| REQUIREMENT |
Find each line below where the word "dans" occurs, and copy it.

| RECORDS SUPPLIED |

——

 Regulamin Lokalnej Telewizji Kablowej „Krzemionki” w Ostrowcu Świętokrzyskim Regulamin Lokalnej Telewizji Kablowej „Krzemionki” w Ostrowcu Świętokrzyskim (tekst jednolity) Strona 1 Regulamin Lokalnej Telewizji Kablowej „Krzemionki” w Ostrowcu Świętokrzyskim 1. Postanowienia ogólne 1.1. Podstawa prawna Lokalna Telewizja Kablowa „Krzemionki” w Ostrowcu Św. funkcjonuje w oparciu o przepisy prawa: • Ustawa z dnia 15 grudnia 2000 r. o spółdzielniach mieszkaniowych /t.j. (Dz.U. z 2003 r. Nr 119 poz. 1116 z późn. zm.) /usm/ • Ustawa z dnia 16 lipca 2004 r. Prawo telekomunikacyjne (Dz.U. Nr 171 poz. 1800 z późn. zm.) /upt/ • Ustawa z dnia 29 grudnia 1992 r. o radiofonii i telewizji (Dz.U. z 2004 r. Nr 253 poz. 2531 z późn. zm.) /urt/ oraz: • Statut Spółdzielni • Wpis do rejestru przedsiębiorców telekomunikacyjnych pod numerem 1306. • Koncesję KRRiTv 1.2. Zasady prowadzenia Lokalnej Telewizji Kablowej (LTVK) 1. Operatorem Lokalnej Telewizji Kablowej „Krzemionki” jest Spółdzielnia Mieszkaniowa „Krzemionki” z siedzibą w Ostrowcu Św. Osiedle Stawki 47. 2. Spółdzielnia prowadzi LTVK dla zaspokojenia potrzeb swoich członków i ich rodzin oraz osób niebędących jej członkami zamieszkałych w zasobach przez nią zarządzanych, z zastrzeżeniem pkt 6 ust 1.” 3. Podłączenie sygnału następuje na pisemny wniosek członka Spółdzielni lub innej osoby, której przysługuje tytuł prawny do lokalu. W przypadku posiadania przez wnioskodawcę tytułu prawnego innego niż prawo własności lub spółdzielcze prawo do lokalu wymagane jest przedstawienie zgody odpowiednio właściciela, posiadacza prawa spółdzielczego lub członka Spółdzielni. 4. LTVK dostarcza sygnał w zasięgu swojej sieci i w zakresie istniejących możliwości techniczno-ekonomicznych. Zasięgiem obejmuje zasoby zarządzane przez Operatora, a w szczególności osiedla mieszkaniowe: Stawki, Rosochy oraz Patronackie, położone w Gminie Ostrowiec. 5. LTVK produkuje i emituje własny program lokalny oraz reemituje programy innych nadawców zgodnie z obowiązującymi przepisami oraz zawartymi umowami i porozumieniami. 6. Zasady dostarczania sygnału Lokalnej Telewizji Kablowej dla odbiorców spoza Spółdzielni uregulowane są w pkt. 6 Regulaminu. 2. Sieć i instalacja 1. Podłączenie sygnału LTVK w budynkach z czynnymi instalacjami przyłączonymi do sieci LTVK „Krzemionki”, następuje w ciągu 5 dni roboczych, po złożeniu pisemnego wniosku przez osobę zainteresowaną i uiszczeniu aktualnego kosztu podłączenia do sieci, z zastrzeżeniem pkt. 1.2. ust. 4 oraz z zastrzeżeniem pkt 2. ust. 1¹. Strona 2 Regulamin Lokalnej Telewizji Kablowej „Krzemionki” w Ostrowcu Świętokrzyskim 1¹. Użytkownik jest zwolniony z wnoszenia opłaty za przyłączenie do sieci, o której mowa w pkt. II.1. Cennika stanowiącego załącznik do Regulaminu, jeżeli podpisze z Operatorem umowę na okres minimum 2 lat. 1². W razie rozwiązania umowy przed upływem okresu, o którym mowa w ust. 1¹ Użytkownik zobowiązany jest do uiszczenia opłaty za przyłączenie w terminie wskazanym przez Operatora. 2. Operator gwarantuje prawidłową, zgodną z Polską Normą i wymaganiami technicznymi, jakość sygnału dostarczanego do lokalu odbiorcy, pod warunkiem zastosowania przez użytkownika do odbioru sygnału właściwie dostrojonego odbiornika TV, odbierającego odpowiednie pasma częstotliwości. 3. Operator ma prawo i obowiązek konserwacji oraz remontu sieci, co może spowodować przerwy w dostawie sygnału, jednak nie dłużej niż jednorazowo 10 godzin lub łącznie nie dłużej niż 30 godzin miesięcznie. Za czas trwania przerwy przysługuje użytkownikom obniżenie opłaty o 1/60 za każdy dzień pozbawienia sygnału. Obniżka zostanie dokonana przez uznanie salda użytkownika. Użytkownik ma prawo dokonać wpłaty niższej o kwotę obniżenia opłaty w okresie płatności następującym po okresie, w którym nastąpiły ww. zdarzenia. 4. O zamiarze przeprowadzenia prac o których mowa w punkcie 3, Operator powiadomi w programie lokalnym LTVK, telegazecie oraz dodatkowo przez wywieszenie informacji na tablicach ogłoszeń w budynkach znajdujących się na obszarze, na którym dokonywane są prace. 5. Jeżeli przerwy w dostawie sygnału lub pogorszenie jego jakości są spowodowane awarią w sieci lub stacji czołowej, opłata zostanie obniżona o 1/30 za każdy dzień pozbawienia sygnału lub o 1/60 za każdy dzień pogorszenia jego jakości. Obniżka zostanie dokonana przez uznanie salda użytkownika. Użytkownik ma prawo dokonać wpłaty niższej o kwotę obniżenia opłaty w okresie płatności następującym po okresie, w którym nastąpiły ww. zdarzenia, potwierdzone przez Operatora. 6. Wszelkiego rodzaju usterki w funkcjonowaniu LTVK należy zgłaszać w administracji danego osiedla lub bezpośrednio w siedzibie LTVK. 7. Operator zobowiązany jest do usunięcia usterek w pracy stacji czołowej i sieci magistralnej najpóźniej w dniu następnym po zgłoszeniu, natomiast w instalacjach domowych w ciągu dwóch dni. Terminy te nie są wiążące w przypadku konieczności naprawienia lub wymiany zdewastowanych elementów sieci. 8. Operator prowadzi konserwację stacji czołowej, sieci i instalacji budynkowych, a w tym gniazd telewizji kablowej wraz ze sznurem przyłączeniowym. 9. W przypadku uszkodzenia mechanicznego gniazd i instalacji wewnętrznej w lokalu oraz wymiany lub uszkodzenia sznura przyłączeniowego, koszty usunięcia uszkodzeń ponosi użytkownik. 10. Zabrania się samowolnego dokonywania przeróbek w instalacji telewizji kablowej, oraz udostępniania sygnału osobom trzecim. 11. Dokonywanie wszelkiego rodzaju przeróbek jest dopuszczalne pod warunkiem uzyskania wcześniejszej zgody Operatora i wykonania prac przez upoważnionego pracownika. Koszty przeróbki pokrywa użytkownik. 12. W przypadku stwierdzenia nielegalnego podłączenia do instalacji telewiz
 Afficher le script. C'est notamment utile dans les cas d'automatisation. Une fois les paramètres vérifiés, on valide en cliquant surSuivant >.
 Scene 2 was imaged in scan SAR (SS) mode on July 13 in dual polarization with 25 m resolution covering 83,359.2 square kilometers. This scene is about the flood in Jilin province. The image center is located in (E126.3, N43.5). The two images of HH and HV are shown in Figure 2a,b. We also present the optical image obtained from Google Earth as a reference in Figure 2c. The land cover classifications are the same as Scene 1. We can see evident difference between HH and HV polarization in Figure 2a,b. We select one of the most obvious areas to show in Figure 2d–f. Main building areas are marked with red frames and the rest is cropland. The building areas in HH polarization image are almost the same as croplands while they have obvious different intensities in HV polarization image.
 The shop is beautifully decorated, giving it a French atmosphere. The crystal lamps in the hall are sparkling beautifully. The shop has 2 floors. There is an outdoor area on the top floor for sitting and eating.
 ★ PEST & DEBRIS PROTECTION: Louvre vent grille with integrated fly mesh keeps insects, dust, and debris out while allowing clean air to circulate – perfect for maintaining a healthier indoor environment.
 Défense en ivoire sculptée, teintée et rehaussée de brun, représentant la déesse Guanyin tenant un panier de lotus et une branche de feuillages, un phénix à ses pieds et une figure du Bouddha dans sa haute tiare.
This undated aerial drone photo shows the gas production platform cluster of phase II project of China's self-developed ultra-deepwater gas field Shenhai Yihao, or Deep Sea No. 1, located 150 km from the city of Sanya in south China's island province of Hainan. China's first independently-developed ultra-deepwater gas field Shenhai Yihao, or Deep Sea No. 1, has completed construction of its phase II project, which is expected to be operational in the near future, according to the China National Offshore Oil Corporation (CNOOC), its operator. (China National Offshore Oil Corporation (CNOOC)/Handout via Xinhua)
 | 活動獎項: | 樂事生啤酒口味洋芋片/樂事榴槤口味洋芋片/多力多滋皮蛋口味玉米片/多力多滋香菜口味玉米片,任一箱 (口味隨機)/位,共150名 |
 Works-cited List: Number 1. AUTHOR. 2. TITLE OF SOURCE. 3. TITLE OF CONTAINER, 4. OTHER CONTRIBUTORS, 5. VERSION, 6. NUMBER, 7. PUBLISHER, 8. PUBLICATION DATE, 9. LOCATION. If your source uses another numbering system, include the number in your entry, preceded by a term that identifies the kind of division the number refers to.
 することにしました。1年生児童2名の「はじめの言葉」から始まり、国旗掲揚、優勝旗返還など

——

| EXERCISE ANSWER |
 Afficher le script. C'est notamment utile dans les cas d'automatisation. Une fois les paramètres vérifiés, on valide en cliquant surSuivant >.
 Défense en ivoire sculptée, teintée et rehaussée de brun, représentant la déesse Guanyin tenant un panier de lotus et une branche de feuillages, un phénix à ses pieds et une figure du Bouddha dans sa haute tiare.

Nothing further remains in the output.